Search This Blog

Wednesday, November 14, 2007

An old tape that's still new

I have no idea how old I was when my dad made the tape. I assume I was less than junior high school, maybe fifth or sixth grade, but I have no idea.
I do know, however, he had gotten a new radio/cassette player that was something short of a boom box. He got it from my brother for Christmas one year. Late one night, he was listening to the radio (I think it was WJR, "The Great Voice of the Great Lakes), and decided to pop a cassette in and record what was on.
What was on, you ask?
Well, the first item was a song making fun of people who watched too much television.

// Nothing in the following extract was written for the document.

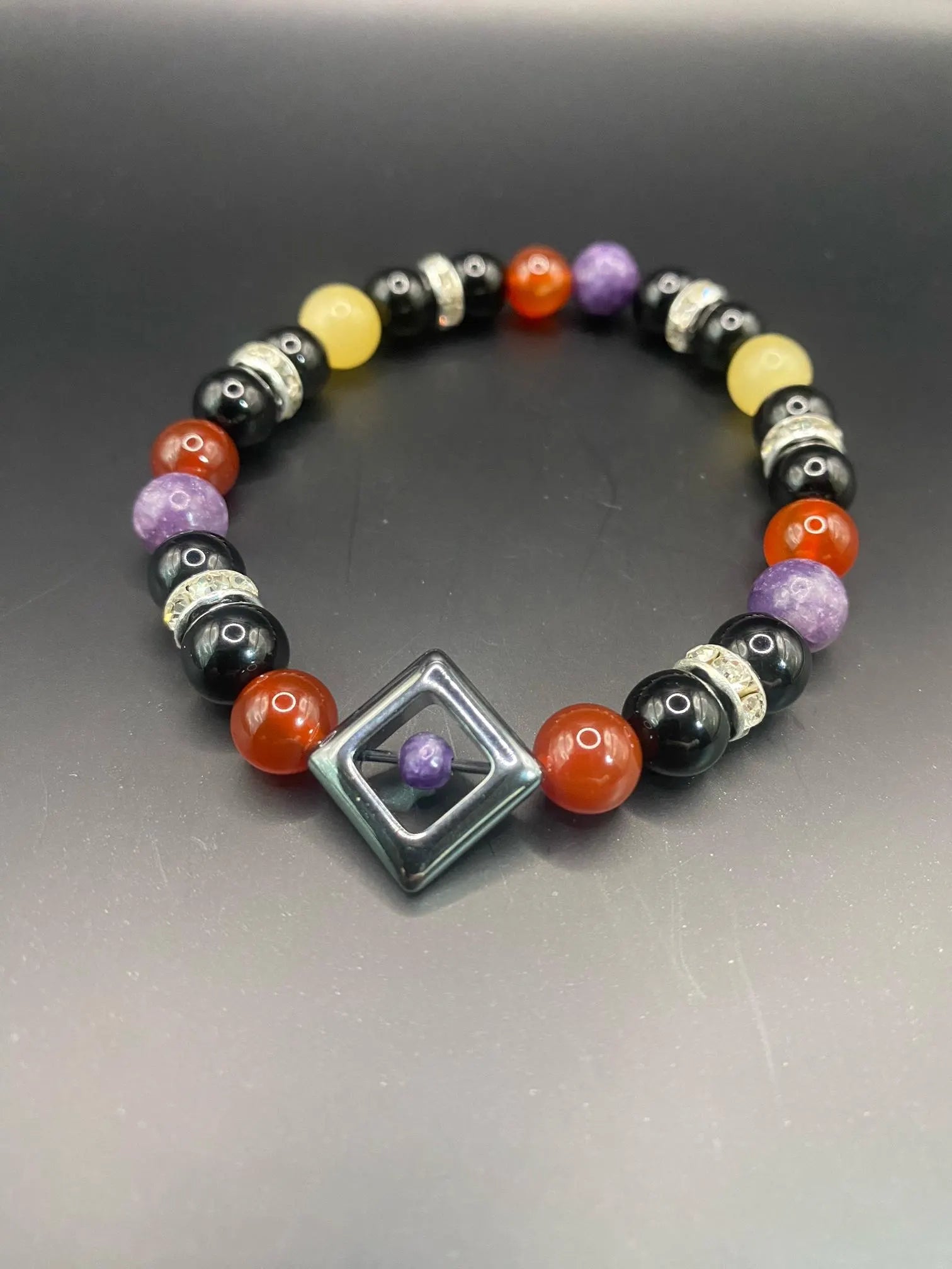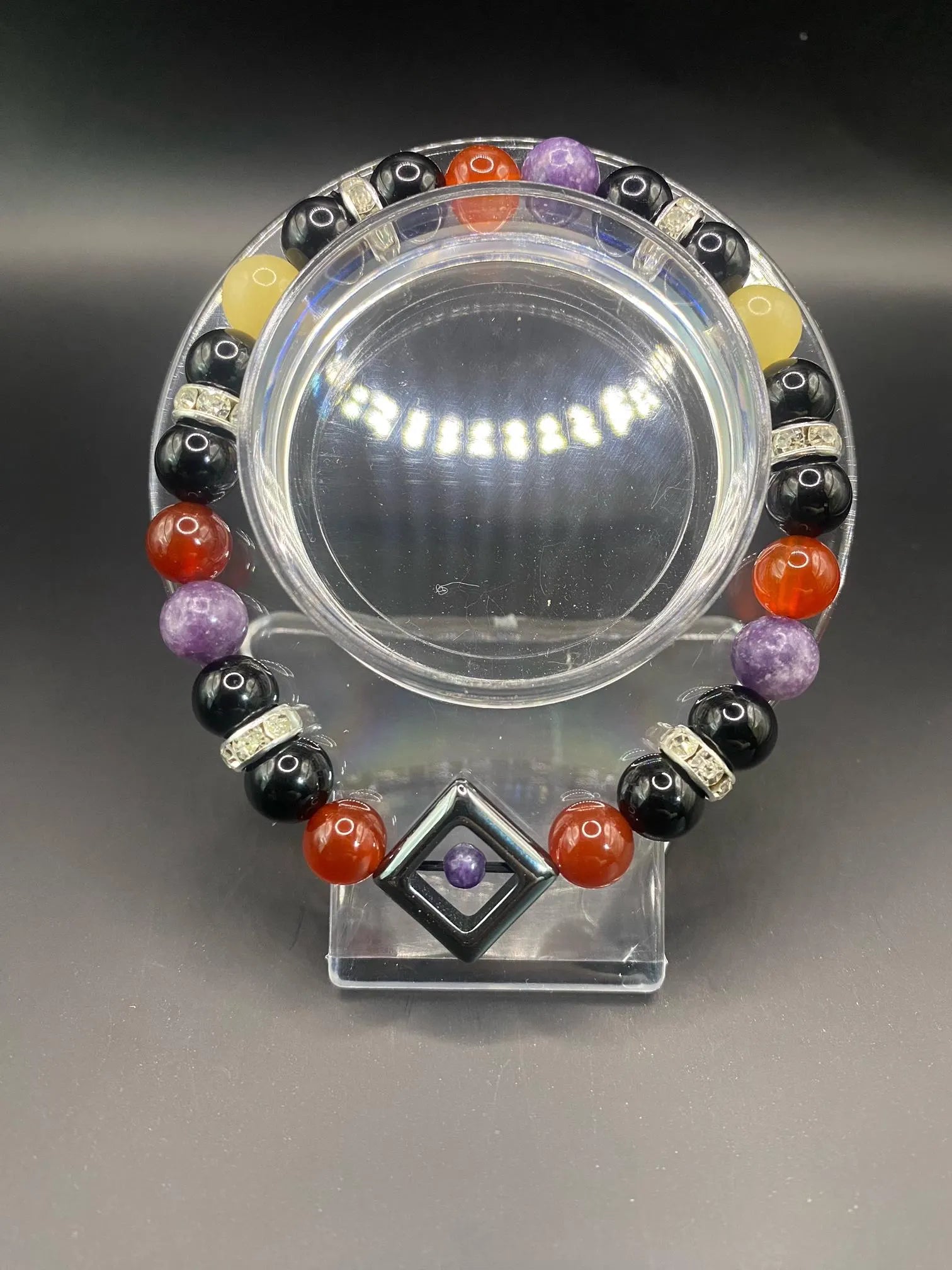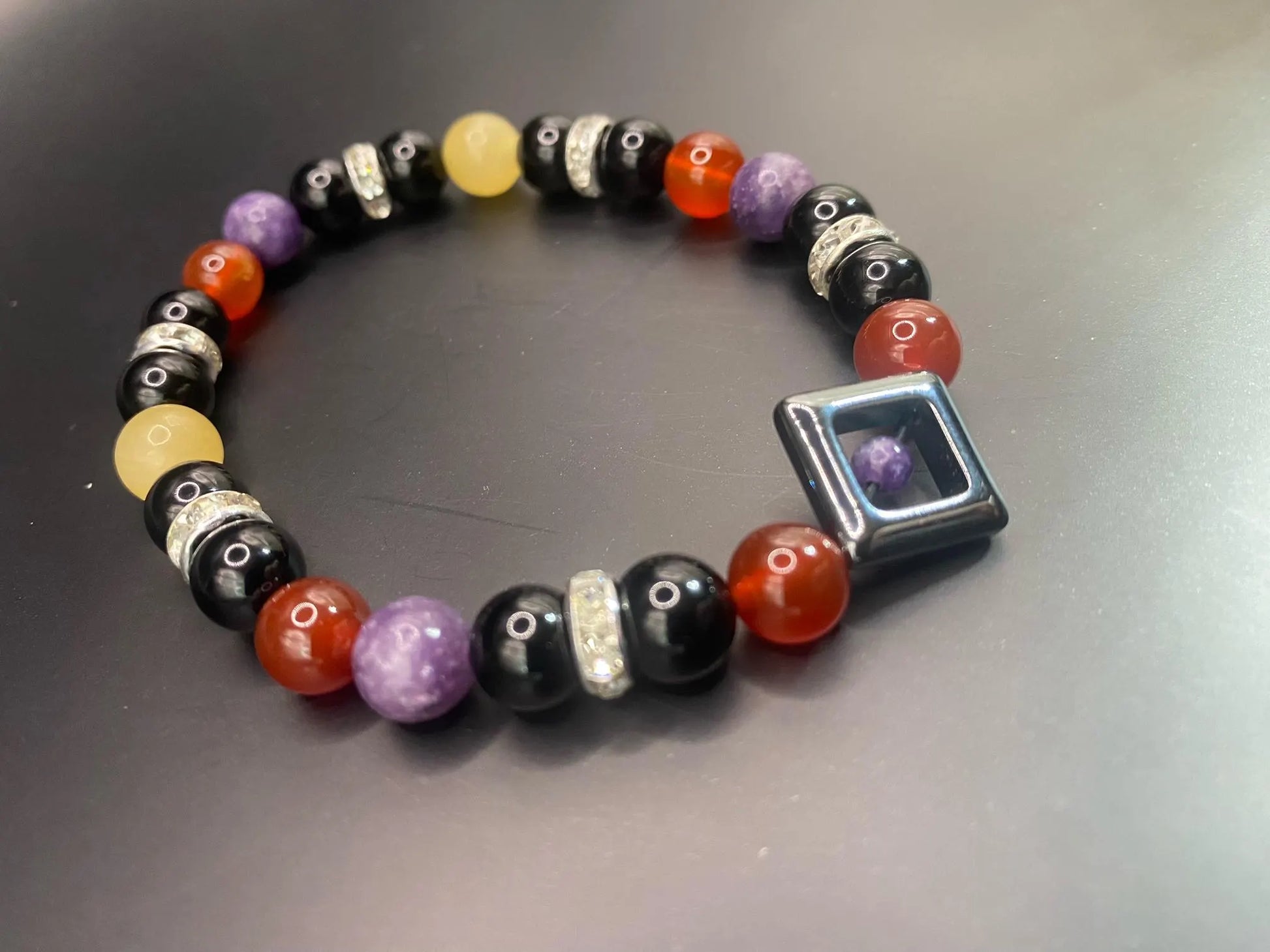 It's made with honey calcite, obsidian, carnelian and lepidolite with a shaped hematite piece as well as silver colored spacers <3
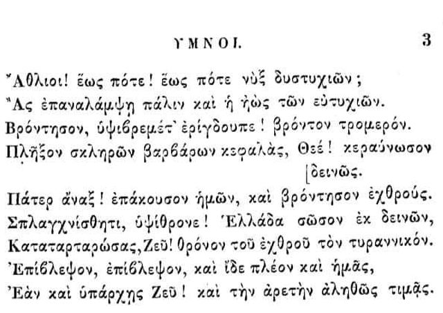 Στην εικόνα ένα μικρό απόσπασμα εθνικού επαναστατικού ύμνου, ο οποίος εκτυπώθηκε στον Μοριά τον Μάρτιο του 1821 και κυκλοφόρησε υπό τον τίτλο «Ωδή Πολεμιστήριος».

The song started in the middle, and it was more than 20 years before I ever heard the beginning.
Next came a song from "The Music Man," from early in the movie when Robert Preston comes to town to sell musical instruments.
"Oh, you got trouble, with a capital T and rhymes with P and that stands for pool!"
Following this, a Dragnet parody called "Little Blue Riding Hood." After that, a longer piece poking fun at the Lawrence Welk Show, "Wunnerful, Wunnerful."
The recording concluded with an episode of "The Bickersons." That one got interrupted in the middle when my dad had to flip the tape over.
It also took me 20 years to realize that wasn't Robert Preston signing the song from "The Music Man."
It was Stan Freberg.
The younger version of me listened to that tape over and over and over. I usually cut it off at "The Bickersons" to listen to the Freberg material.
His clever satire really made me laugh then, and it still does today.
I listened to it so much that I memorized "Little Blue Riding Hood," and I can still recite it from memory today.
It took me until I was 32 to buy a best of Stan Freberg CD, and lo and behold, there were all those tracks for me to listen to as an adult.
I finally got to hear the beginning of "Tele-Vee-Shun," I learned that was Stan, not Robert Preston signing the song. I still have no idea why he re-recorded it, but there it was.
I also have "The United States of America" parts one and two, his funny satire and parody songs about various incidents in American history.
That's really about all the material you can find by Freberg these days, even though in his heyday, he released lots of comedy records. There's a box set that features most of the things on the greatest hits CDs, but also includes a whole CD of the radio commercials he made for such companies as Chun Kin Chow Main, Pittsburgh Paints and Taco Bell. (Taco Bell in China?)
I wish someone would re-release more, but what's available is wonderful.
Some material is dated, but most of it stands up really well for modern audiences.
I hadn't seen "Dragnet" when I heard "Little Blue Riding Hood," but it still made me laugh. I still sometimes have to repress a laugh when I watch a rerun of Jack Webb talking.
I think if there's one famous person I wish I could meet, it would be Stan Freberg. I have no idea what I'd say to him, but I guess I'd just thank him for all the hours of enlightening enjoyment I have gotten from listening to his albums.
By the way, I think the original tape my dad made still exists somewhere and may still be playable. I'll have to go see if I can find it.